* TASK BRIEF *
Transcribe the listing below exactly, without pictures.

* RECORDED DATA *
*** Block opens ***

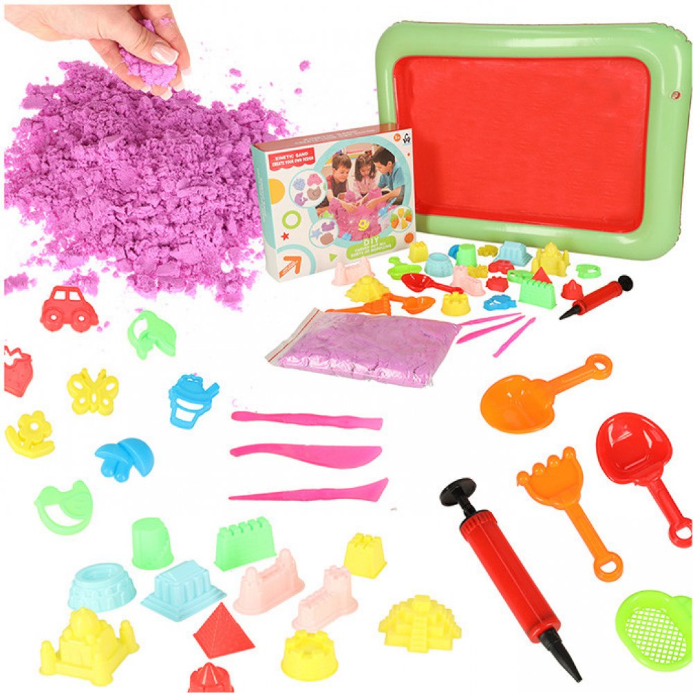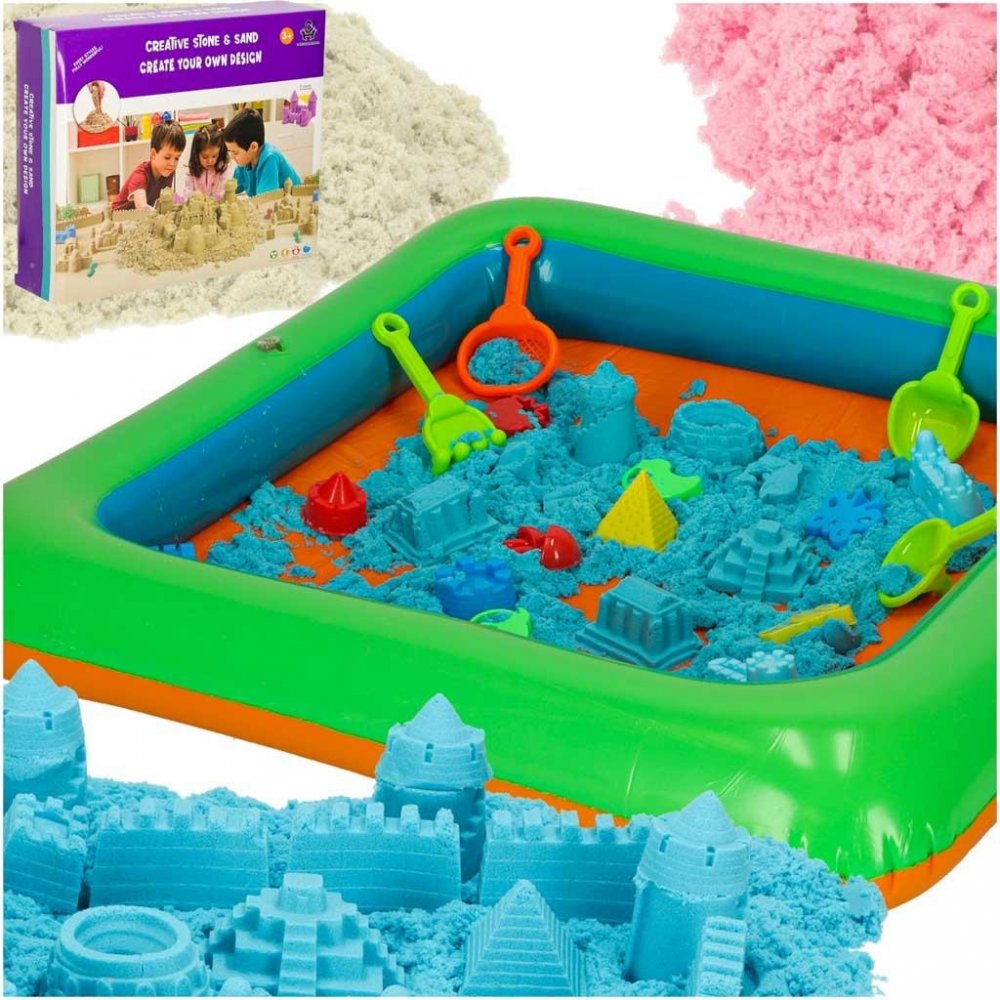 Kinetický písek je ideální alternativou ke klasickému písku. Díky své lepivosti je skvělý pro tvorbu různých figur a staveb. Součástí tohoto zábavného setu je nafukovací pískoviště, kde děti mohou uplatnit svou fantazii a tvořivost. Sada obsahuje 1 kg písku a 18 různých forem, spolu se sítkem, lopatkou, hrabičkami a modelovacími tyčinkami. Tento interaktivní set podporuje manuální dovednosti, krea...
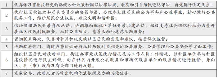 《中华人民共和国城市居民委员会组织法》将居民委员会定义为:城市社区居民实行自我管理、自我服务、自我教育、自我监督的基层群众性自治组织。社区居民委员会下设人民调解、治安保卫、公共卫生、环境和物业管理等委员会,协助街道办事处开展工作。
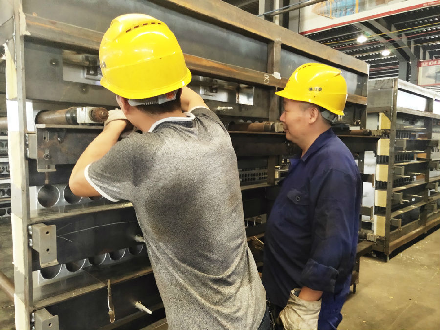 室外驕陽似火,酷暑難當,安裝現場的車間環境也變得格外悶熱異常,撲面而來的熱浪讓廠房內的溫度高達40多度,技術人員在高溫之下依然辛勤勞作,大汗淋漓,衣服濕透也絲毫不懈怠。為了讓每個工序正常有序的運行,依然有條不紊地進行著標準操作,一干就是幾個小時。為保證項目安裝與調試工作順利完成、保證后續生產穩定運行,他們挑戰酷暑,鼓足干勁。心無旁騖,汗水就是他們的勛章;猶如蒸籠,熱氣逼人的車間就是他們的戰場?!案伞弊之旑^,技術員們用兢兢業業的精神譜寫著一曲曲愛崗敬業的贊歌。
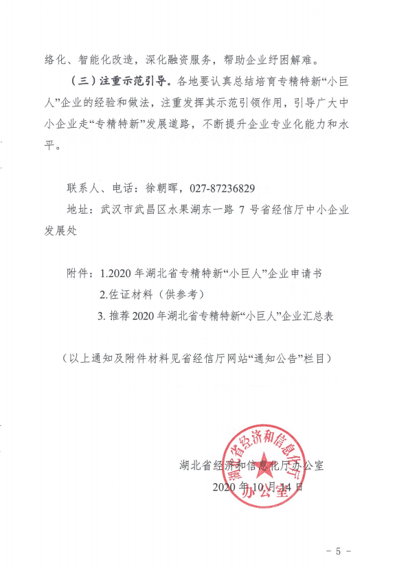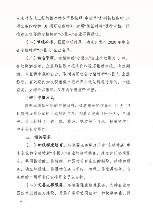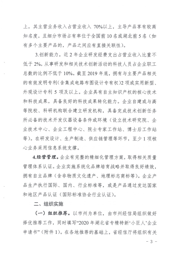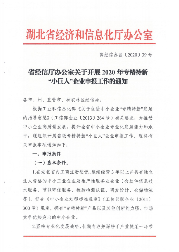 關于組織申報2020年湖北省專精特新“小巨人”企業的通知

*** Block closes ***

* ANSWER FOR THIS EXERCISE *
 Kinetický písek je ideální alternativou ke klasickému písku. Díky své lepivosti je skvělý pro tvorbu různých figur a staveb. Součástí tohoto zábavného setu je nafukovací pískoviště, kde děti mohou uplatnit svou fantazii a tvořivost. Sada obsahuje 1 kg písku a 18 různých forem, spolu se sítkem, lopatkou, hrabičkami a modelovacími tyčinkami. Tento interaktivní set podporuje manuální dovednosti, krea...
 《中华人民共和国城市居民委员会组织法》将居民委员会定义为:城市社区居民实行自我管理、自我服务、自我教育、自我监督的基层群众性自治组织。社区居民委员会下设人民调解、治安保卫、公共卫生、环境和物业管理等委员会,协助街道办事处开展工作。
 室外驕陽似火,酷暑難當,安裝現場的車間環境也變得格外悶熱異常,撲面而來的熱浪讓廠房內的溫度高達40多度,技術人員在高溫之下依然辛勤勞作,大汗淋漓,衣服濕透也絲毫不懈怠。為了讓每個工序正常有序的運行,依然有條不紊地進行著標準操作,一干就是幾個小時。為保證項目安裝與調試工作順利完成、保證后續生產穩定運行,他們挑戰酷暑,鼓足干勁。心無旁騖,汗水就是他們的勛章;猶如蒸籠,熱氣逼人的車間就是他們的戰場?!案伞弊之旑^,技術員們用兢兢業業的精神譜寫著一曲曲愛崗敬業的贊歌。
 關于組織申報2020年湖北省專精特新“小巨人”企業的通知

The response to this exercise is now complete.